I am affirmed and grateful and humbled and excited - and did I mention grateful? - to have been chosen by this year's esteemed and hardworking literature panel. When Amy Stolls called me, she found herself needing to spend a bit of time talking me down from a state of joyous near-hyperventilation. For a writer like me at the beginning of her career, an NEA fellowship is, as we like to say, huge. Here's a point of interest Amy insisted I include in this statement: for my application manuscript I submitted two short stories, one of which (excerpted above) was - and remains - unpublished: it's been rejected by twenty-one literary magazines. I share this information not just because I'll now do anything Amy says (she was so nice to me as I sobbed into the phone!) but also as a way to bolster writerly spirits and to confirm what we all know: that the appraisal of literature is a horrendously subjective business. So yes, I am grateful, but given the tremendous work submitted by so many others, I am acutely aware of the ordinary luck responsible for this year's panel having turned out to be the right audience for my fiction.

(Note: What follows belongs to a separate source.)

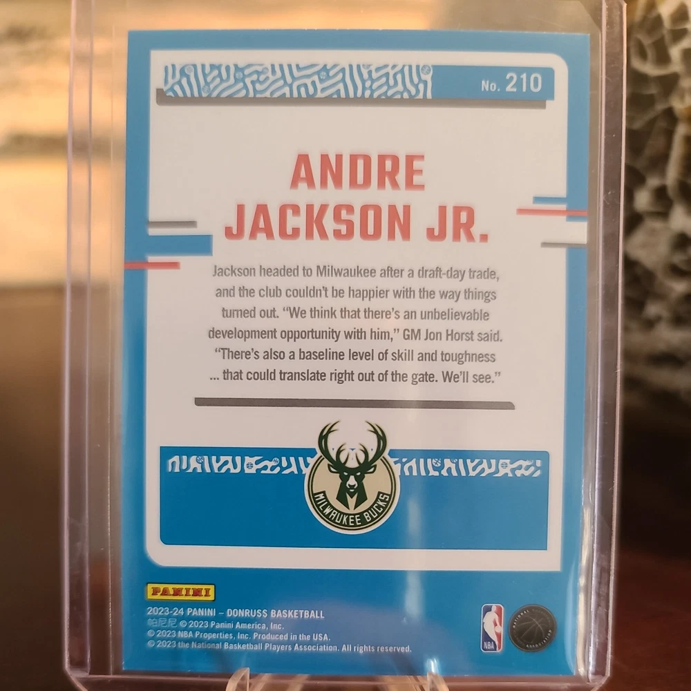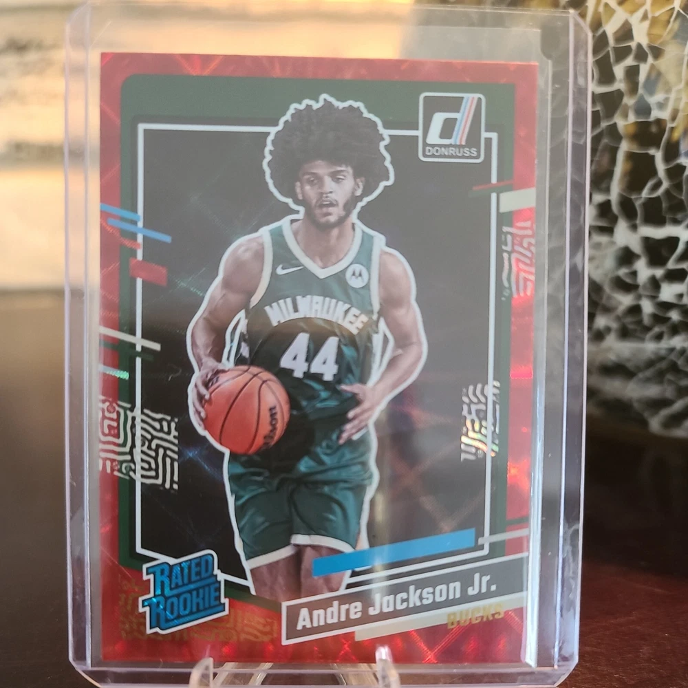 Own a piece of basketball history with this limited edition, serial numbered Andre Jackson Jr. trading card from the 2023-24 Donruss Basketball set. The card features a stunning Red Laser Holo design, making it a must-have for any collector or fan of the Milwaukee Bucks. This UnGraded card is rated Near Mint or Better and comes from the trusted manufacturer Panini. With its Base Set, Short Print, and Rookie features, this card is a true gem for any sports trading card enthusiast. Don't miss out on the chance to add this card to your collection and showcase your love for the sport.

The fellowship will allow me the luxury of spending a good chunk of 2006 holed up in my writer's studio, a makeshift room constructed in the rafters of a leaky brick warehouse abutting the railroad tracks in downtown Tucson. In the studio I'll read a whole lot, take naps now and then, and write a novel.
From the short story "The Necessity of Certain Behaviors"
To escape from the hot city and the people in it, Lisa goes on an ecotourism trek in the mountains of a foreign country. To get there she endures a very long airplane ride. There is the usual business of camping equipment and protein bars and local guides in odd headgear carrying packs containing tea and dried meat. One day she becomes separated from her group of Americans, and after trudging half a day on a narrow path that doesn't look all that well-traveled, she comes to a village.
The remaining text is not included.